I talk a lot about disruption and disruptive innovation. Often it is hard to tell the difference between them. To my mind there are three types of innovation that businesses commonly use.
The three types
All three types of innovation are important for the profitability of a company. I try to draw out what sort of innovation to use in different situations.
Efficiency innovation
Efficiency innovation is all about making processes and systems work better so that value is delivered in the best way possible. This often means replacing people with machines.
Sustaining innovation
Sustaining innovation is all about extending the life of a product or service. A company achieves sustaining innovation by adding features to make the product or service more valuable to the consumer. This is done so that more are sold, it performs better in a competitive market or it can be sold for a higher cost.

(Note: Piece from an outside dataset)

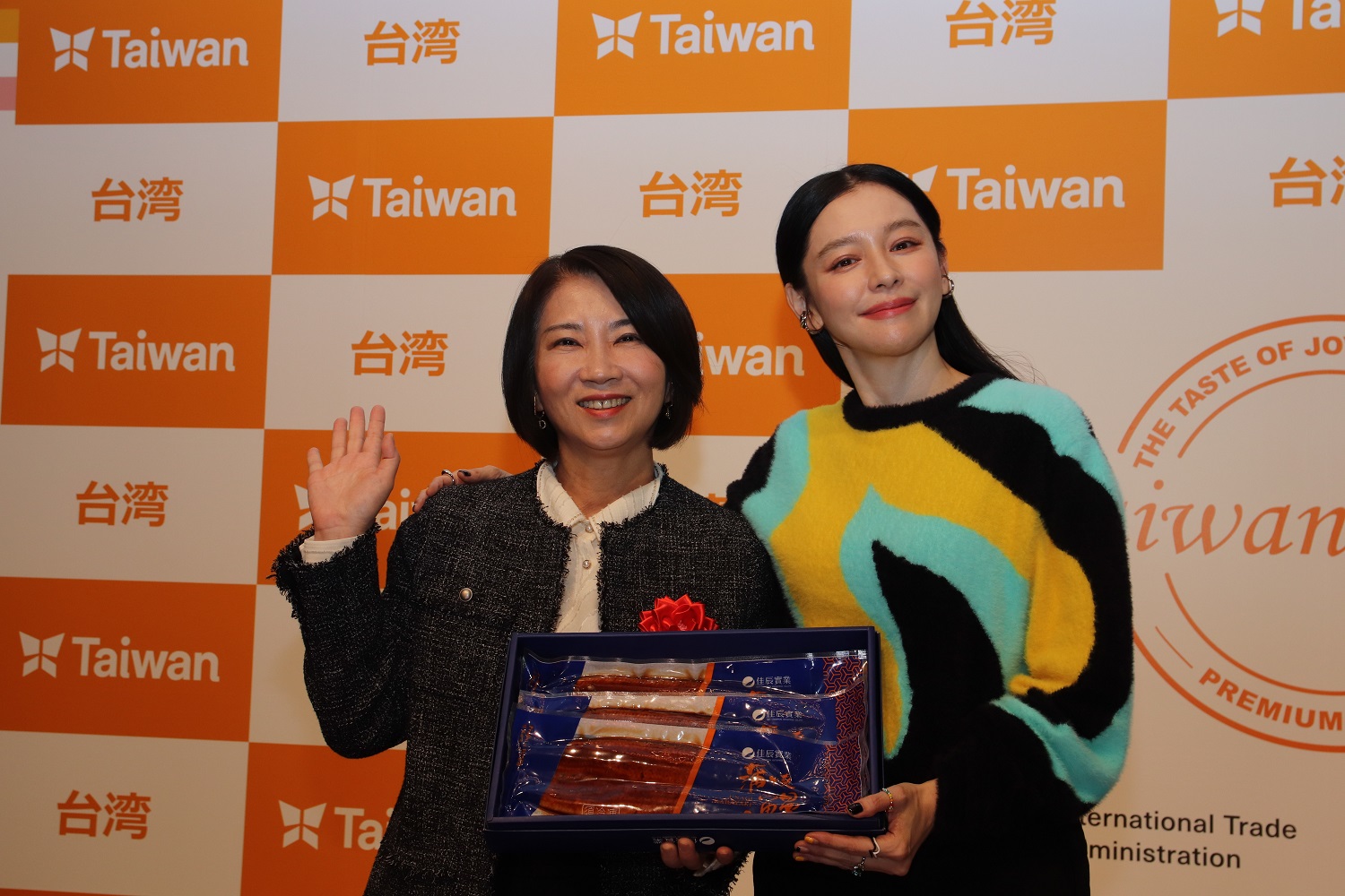 ↑圖說:屏東物產於東京食品展前記者會出風頭,縣長周春米為屏東物產加油。(圖片來源/屏東縣政府提供)

It is important to innovate in order to maintain growth for a company. Many companies focus on efficiency innovation because this helps profitability in the short term. Sustaining innovation is also common as it helps to maintain market share. The problem is that both of these are temporary fixes: there is a limit to efficiency. There should be a limit to new features.
Disruptive innovation
Disruptive innovation looks to create value to a different set of customers, or non-customers. Sometimes it comes from combining existing products and services in new ways to create new markets. These can be radically different and set the company on a different path, but this is not always the case. The thing that excites me is that technology today is making disruptive innovation much easier and cheaper to achieve than ever before.
I have developed the concept of Vectors of Disruption to help companies combine technology in tried and proven ways. Using Vectors of Disruption you can power all three types of innovation.
The big win is in creating market disruption. Creating a new market that did not exist before or radically changing a market. This is not new. it has always existed. In order to do it you have to focus on disruptive innovation.